Proteas skipper Dane van Niekerk talks to her teammates. Photo: Frikkie Kapp/BackpagePix

JOHANNESBURG - Dane van Niekerk was having a bad day with the ball in a primary school game when her dad recommended she try spin.

“The bowling wasn’t going well so I tried it and the ball came out as a ‘leggie’ which is unusual because you’re naturally inclined to bowling ‘offies’. Anyway it landed, my dad was ecstatic,” smiled Van Niekerk. “I have to take my hat off to my parents, they sacrificed a lot for me to be the leg-spinner and cricketer I am. I’m glad he saw the potential and went with it.”

Van Niekerk made her international debut as a 16-year-old in a World Cup match in Newcastle, Australia in 2009 picking up one wicket in a narrow loss to the West Indies in which South Africa scrapped hard in defence of a poor total of 116.

Fast forward eight years and the shy teenager has been replaced by an accomplished, hugely respected, still young all-rounder, with a better hairdo and who now, captains her country.

“I just want to be the first South African team to win the World Cup, you go to the World Cup to win, you don’t go there to compete, you don’t go there to be in the top four, you want to go and win. I don’t want it to be about me to be honest ... it will be about my team, they way they’ve played, trained and performed.”

Van Niekerk took over the national captaincy from Mignon du Preez in June last year. She had surprised Cricket SA’s officialdom with her poise and plans for the team and her forthright manner is something the rest of the players have grown to appreciate about her, even though she’s still relatively new in the position.

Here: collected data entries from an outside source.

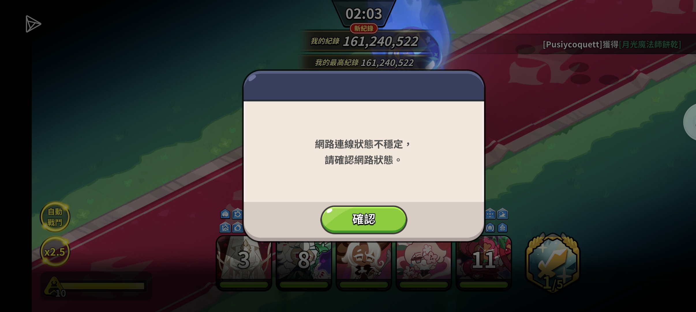 本来这边已经把活动打过了,等结算的时候突然跳出来一个说网络连接不行,我前面打几次都好好的,这个也一直点不下去就跟我杠上了,后面重启发现记录全没了…后面几次也出现了这样的毛病,但我没有截图,一样都是没有记录的
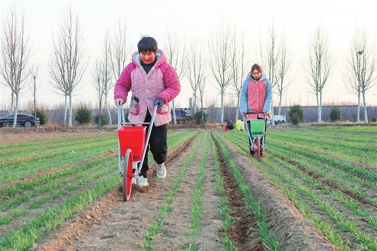 图② 2月5日,尉氏县邢庄乡农民在对小麦追施化肥。李新义 摄
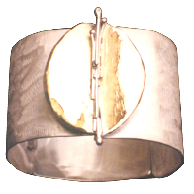 Hand Fabricated in Sterling Silver Sheet and 14k Yellow Gold, this Exclusive PRM Bracelet has stood the test of time for design, wearability and beauty. One of our All Time Favorites. Bracelet is 1.75″ wide and fabricated with four layers of Sterling Silver and Gold. Top is open, but may be customized with stones or other items of interest. Please allow 6 weeks for the Design and Creation of this One of a Kind Statement Bracelet.
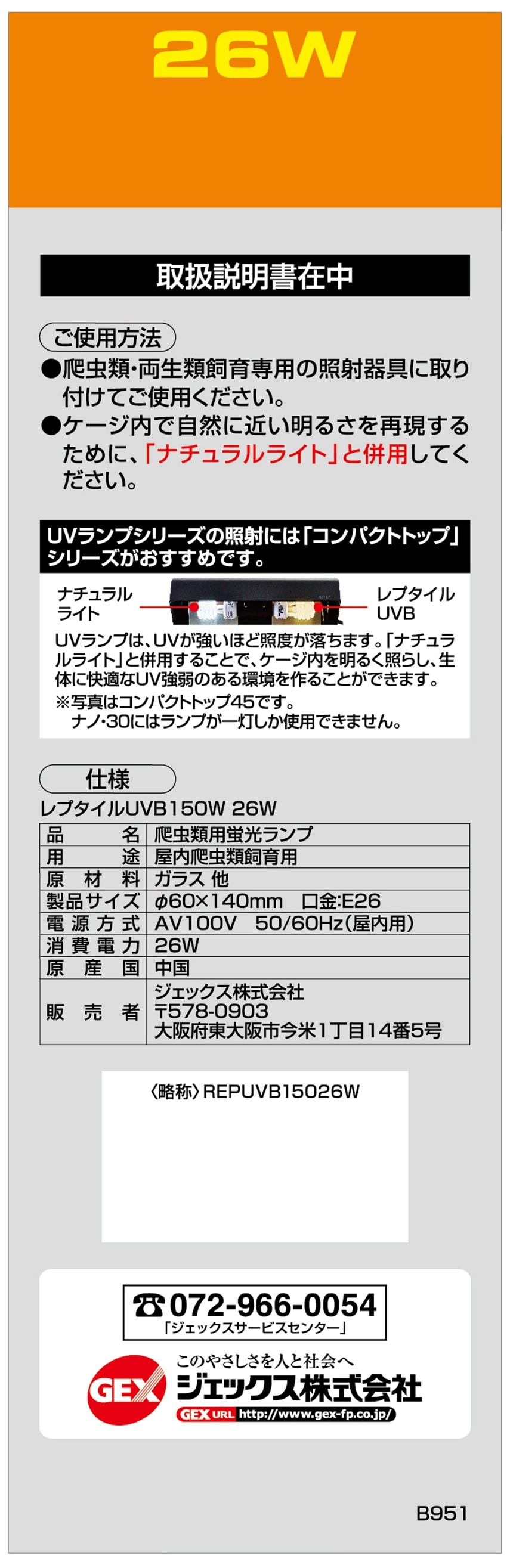 - [1個]ジェックス レプタイルUVB150 26W PT2189 1個 | 砂漠・サバンナに棲息する爬虫類に最適
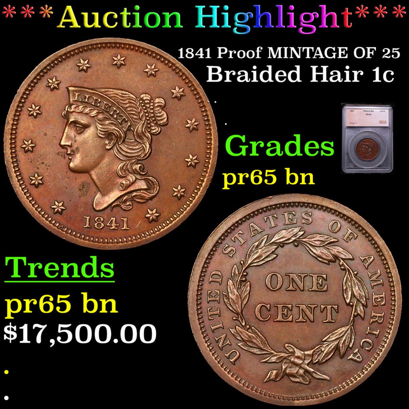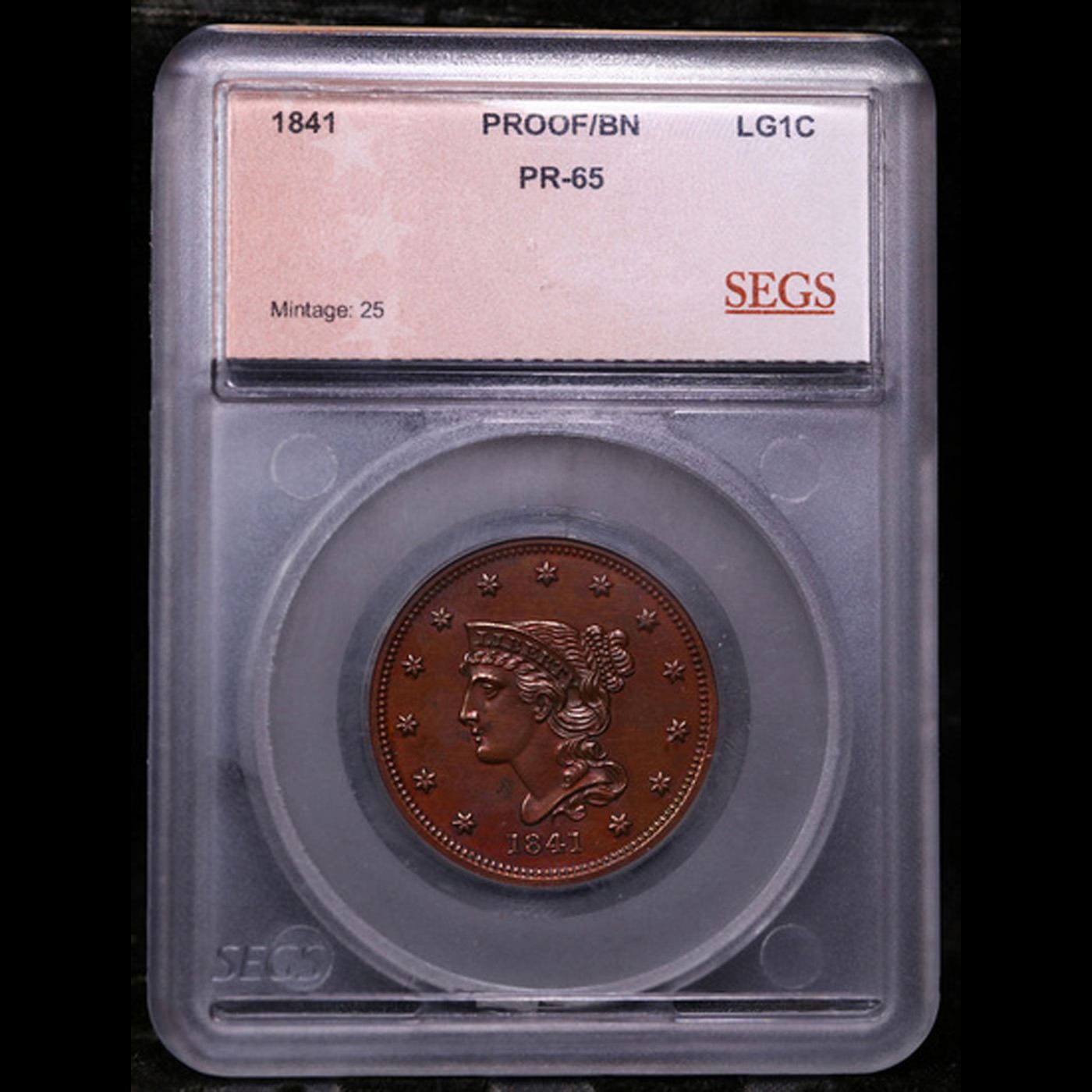 ***Auction Highlight*** 1841 Proof MINTAGE OF 25 Braided Hair Large Cent 1c Graded pr65 bn BY SEGS. A Corey's Pick, Bid to Win, Don't let it get Away, you might not find its equal Coin. I give this coin my highest recommendation

“I’m quite a tough person, I wear my heart on my sleeve, the girls know that. They are very receptive and very accepting of it. I’m fiery. I’ve spoken with the girls about that because you don’t want my fieriness to come across as aggressive or angry. But they know where I’m coming from,” she explained.

“I want to win every game of cricket, I know it’s not always possible, it’s not easy. The nice thing about my team is they are accepting of the way I am, my personality, so far it’s been working, and hopefully it works for a few years to come.”

It helps that along with Marizanne Kapp, Van Niekerk is arguably the best player in the national team.

She’s one of three South African players ranked among the top 10 all-rounders in the women’s game by the ICC and her standing as one of the best players in the world is further underscored by her earning contracts to play in the Women’s T20 Super League in England and the Women’s Big Bash in Australia.

The exposure in those two competitions has proved valuable to not just her personal development, but that of her South African teammates, who haven’t had the opportunity to play in those competitions. “The thing is you learn other things and play with some of the best players in the world you learn what they do, bring it home and try and integrate that. It’s closing the gap (in the women’s game).”

By helping to elevate her own and her team’s game particularly in the last 18 months, Van Niekerk’s side go into this year’s World Cup in a much better mental space than previously. Whereas once upon a time there was happiness just in being at the tournament, now there’s a genuine desire to make a lasting impression.

“We’ve beaten some of the best sides in the world. In the past we never really competed with them, but now with the team we have and the skill we have, (opponents) see us as a team that can win this World Cup,” said Van Niekerk.

That change in mentality is largely down to Cricket SA taking the women’s team more seriously, while the impact of sponsors Momentum is something all the players appreciate deeply. 

“At the end of the day, the team wouldn’t be professional (without that support). And that mindset change - that ‘I can concentrate on cricket’ - it took our skills to the next level and our performances have shown that. We’ve got players ranked among the top 10 batters, we have the No 1 bowler (Kapp) and because that’s happening, the world is seeing that we are a team that can beat any other team on any day.”